Concrètement, la nouvelle agence pourra notamment apporter des concours financiers aux collectivités territoriales, aux établissements publics de coopération intercommunale compétents et à certains organismes publics ou privés. Les préfets seront les délégués départementaux de l'agence. A ce titre, ils signeront et assureront le suivi des conventions signées entre l'agence et ses partenaires.

Le projet de loi prévoit, au-delà, un renforcement des pouvoirs de sanctions de la Haute Autorité de lutte contre les discriminations et pour l'égalité et légalise la pratique des vérifications à l'improviste (« testing » ) comme moyen de preuve d'éventuelles discriminations.

Un contrat pour répondre aux « carences de l'autorité parentale »

Le projet de loi instaure par ailleurs un « contrat de responsabilité parentale ». Il devrait être mis en place « en cas d'absentéisme scolaire ou de toute autre difficulté liée à une carence de l'autorité parentale » et proposé aux parents par le président du conseil général. Concrètement, le contrat rappellera à la famille ses obligations parentales et proposera « des mesures d'aide et d'actions sociales afin de revenir à une situation plus favorable à l'enfant ». Faute d'accord - à moins d'un motif légitime - ou si les obligations liées au contrat ne sont pas respectées, le président du conseil général pourra demander la suspension du versement de tout ou partie des prestations afférentes à l'enfant ou la mise sous tutelle des prestations familiales. En outre, en cas de faits susceptibles de constituer une infraction pénale, il pourra saisir le procureur de la République.

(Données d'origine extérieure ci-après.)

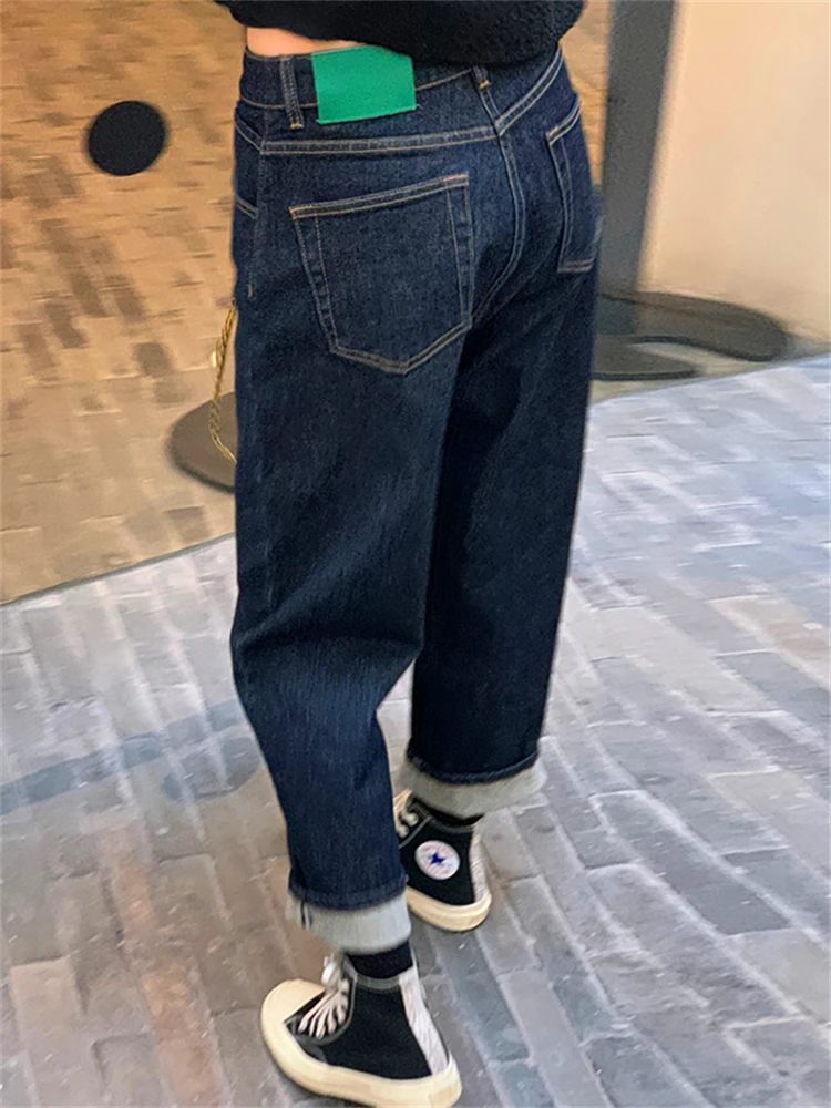 ハイウエストストレートレッグジーンズ女性の洋ナシ形多用途プラスサイズルーズ痩身ハーレムパンツ厚い秋シーズン

Signalons enfin deux articles du texte consacrés à la lutte contre les incivilités et tendant à renforcer les pouvoirs des maires en la matière. Le pouvoir de constatation des agents de police municipale pour certaines contraventions sera ainsi étendu. Les édiles pourront en outre, lorsque ces incivilités auront été commises sur le territoire communal mais pas au préjudice de la commune, proposer au parquet de recourir à une alternative aux poursuites. Et si elles ont porté préjudice à un bien de la commune, ils pourront proposer au contrevenant une transaction soumise à l'homologation du parquet, consistant en la réparation du préjudice.

Le texte devrait être présenté rapidement au Parlement. Jean-Louis Borloo souhaite en tout cas le voir publié « dans les deux mois ».

Notes

(1)  Voir ASH n° 2433 du 9-12-05.

(2)  Le projet de loi distingue bien deux phases : l'apprentissage junior initial, qui offre une initiation aux métiers, et l'apprentissage junior confirmé, durant lequel le jeune se trouve sous contrat d'apprentissage.

(3)  Le SEJE permet aux employeurs qui embauchent certaines catégories de jeunes de bénéficier d'une prime mensuelle dont le montant est majoré si le jeune embauché est sans qualification.